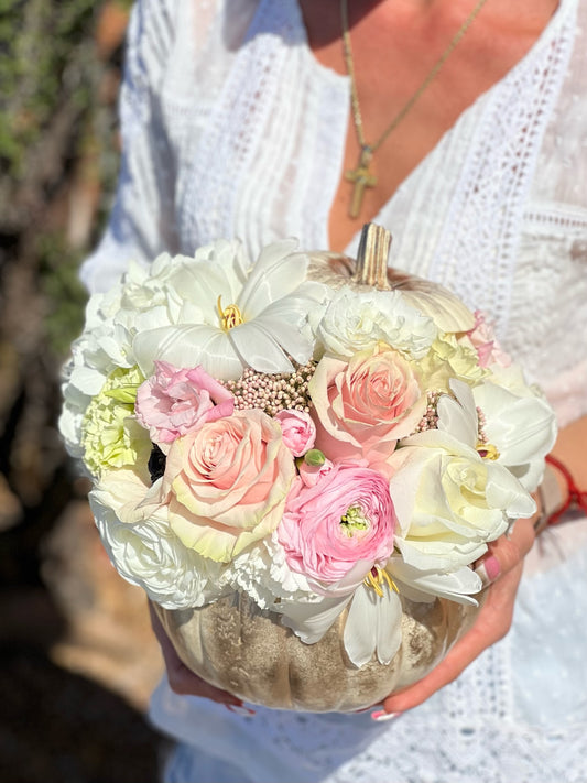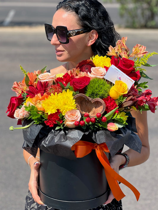 As the leaves turn into a mesmerizing tapestry of reds, oranges, and golds, and a gentle chill graces the air, it's the perfect time to "Fall in Love" with our exquisite collection of autumn flower arrangements. Our talented florists in Scottsdale have curated a selection that captures the heartwarming essence of fall. Each arrangement is meticulously crafted to showcase the rich, earthy hues and textures that define this enchanting season. Explore a variety of arrangements that feature nature's bounty, including bountiful sunflowers, enchanting cream roses, and the deep maroons of ranunculuses. These flowers blend seamlessly with the changing landscape outdoors.
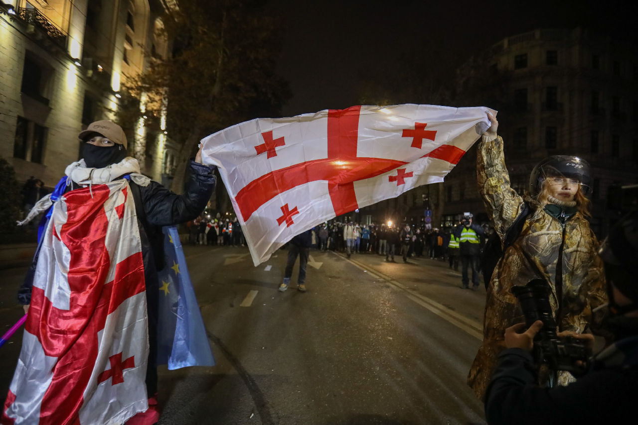 В Грузии уже второй год проходят ежедневные акции протеста с требованием новых парламентских выборов и освобождения всех задержанных за участие в демонстрациях. Демонстранты перекрывали движение по проспекту Руставели в течение 343 дней подряд. С 6 ноября силовики не позволяли активистам перекрывать движение, выставляя оцепление вдоль проезжей части, за попытки выйти на дорогу протестующих задерживали.
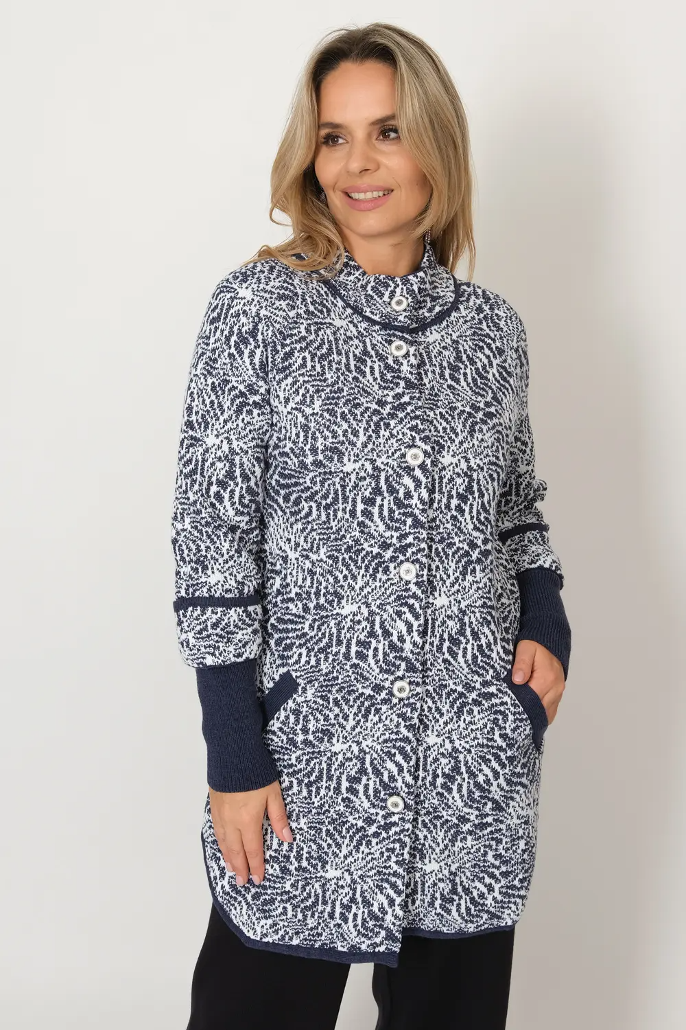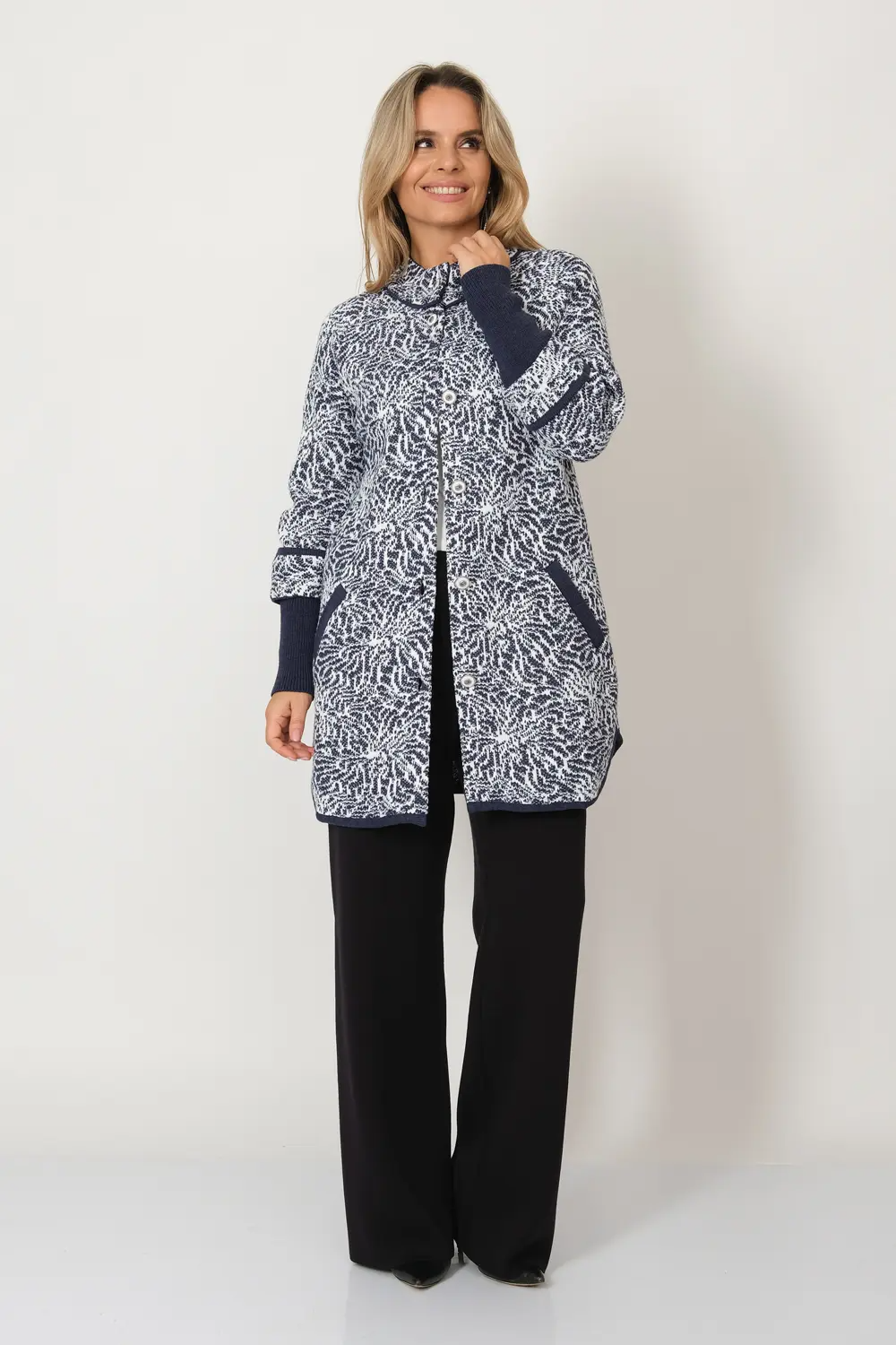 Элегантный вязаный жакет - несомненный хит сезона. Изумительно красивое полотно структурной вязки с мерцающей подсветкой по изнанке. Застежка на пуговицы, карманы в листочку, функциональные. Рукав - реглан длинный, на манжете. Манжет фиксированный. Кардиган выглядит женственно и элегантно. Он отлично сочетается с юбкой-карандашом и брюками.

◇ ◇ ◇ ◇

_Directions for this task_: Restate every line of the data above word for word, with the images removed.

_Your response_:
 As the leaves turn into a mesmerizing tapestry of reds, oranges, and golds, and a gentle chill graces the air, it's the perfect time to "Fall in Love" with our exquisite collection of autumn flower arrangements. Our talented florists in Scottsdale have curated a selection that captures the heartwarming essence of fall. Each arrangement is meticulously crafted to showcase the rich, earthy hues and textures that define this enchanting season. Explore a variety of arrangements that feature nature's bounty, including bountiful sunflowers, enchanting cream roses, and the deep maroons of ranunculuses. These flowers blend seamlessly with the changing landscape outdoors.
 В Грузии уже второй год проходят ежедневные акции протеста с требованием новых парламентских выборов и освобождения всех задержанных за участие в демонстрациях. Демонстранты перекрывали движение по проспекту Руставели в течение 343 дней подряд. С 6 ноября силовики не позволяли активистам перекрывать движение, выставляя оцепление вдоль проезжей части, за попытки выйти на дорогу протестующих задерживали.
 Элегантный вязаный жакет - несомненный хит сезона. Изумительно красивое полотно структурной вязки с мерцающей подсветкой по изнанке. Застежка на пуговицы, карманы в листочку, функциональные. Рукав - реглан длинный, на манжете. Манжет фиксированный. Кардиган выглядит женственно и элегантно. Он отлично сочетается с юбкой-карандашом и брюками.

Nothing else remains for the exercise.